Speaker
Description
Lately, tungsten has gained considerable attention of the fusion scientific community due to its performance at high temperatures. On the other hand, tungsten is affected with a serious reduction of strength at elevated temperatures, latter being one of the main drawbacks of its usefulness as a plasma facing material in fusion reactors.1 Therefore, the main aim of this work has been to improve the material properties to sustain plasma-facing conditions when being installed in divertor as a monoblock, especially to be able to resist high thermal loadings during operation. Among the available options, we selected reinforcement of tungsten by incorporation of carbide nanoparticles, wherein the reinforcement should not chemically react with the matrix. In this respect, W2C nanoparticles offer an interesting option.

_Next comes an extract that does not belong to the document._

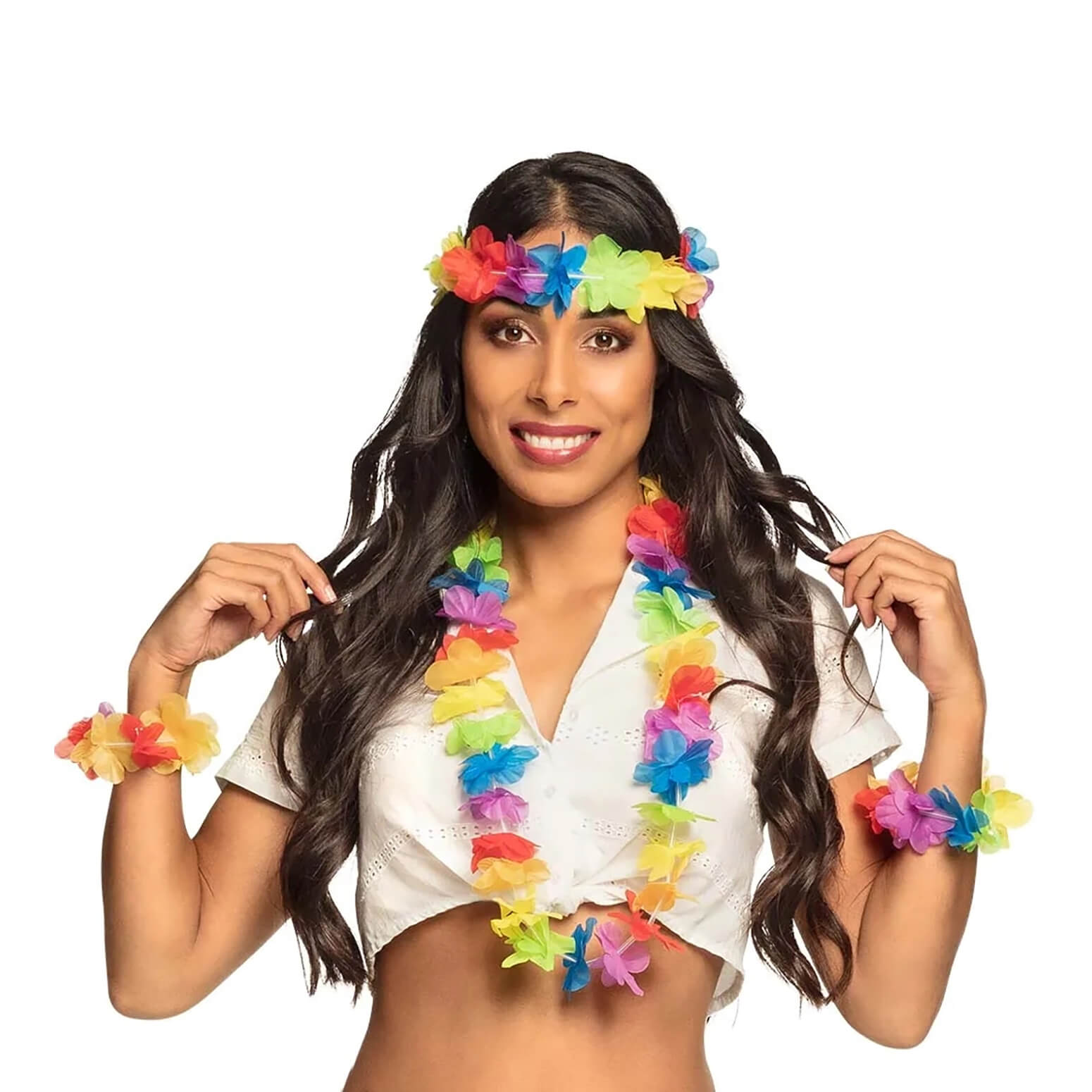 Hawaii/Blumen Halskette+Armbänder+Stirnband Set Hawaiikette Lei RAINBOW bunt – (ARTIKEL/REFERNZ: 8712026524164/BO52416 – Kategorie/Suche: – Hersteller: Boland BV)

WC nanoparticles and graphene were used as a carbon source. Both used precursors resulted in the formation of W-W2C composites, due to high-temperature reaction with W powder during sintering. Using field assisted sintering technique (FAST, 1900°C, 60 MPa, 5 min), only two phases were detected in the sintered composite: cubic W and hexagonal W2C, which implies complete reaction regardless of the carbon precursor used. In addition to thorough microstructural and phase analysis, thermo-mechanical properties at room and elevated temperature of the as-sintered and samples aged at 1600 °C for 24 h were evaluated. The results confirm that presence of small W2C grains enhance densification of tungsten and inhibit the tungsten grain growth at high temperatures up to at least 1300 °C. Results of thermo-mechanical measurements indicate that small amount (i.e. 5 wt %) of W2C reinforcements improve mechanical properties of the material, while the thermal conductivity of the composite does not drop below 100 W/m K at 1000 °C. The obtained results suggested WC nanoparticles as the most convenient precursor for the formation of W2C in tungsten matrix.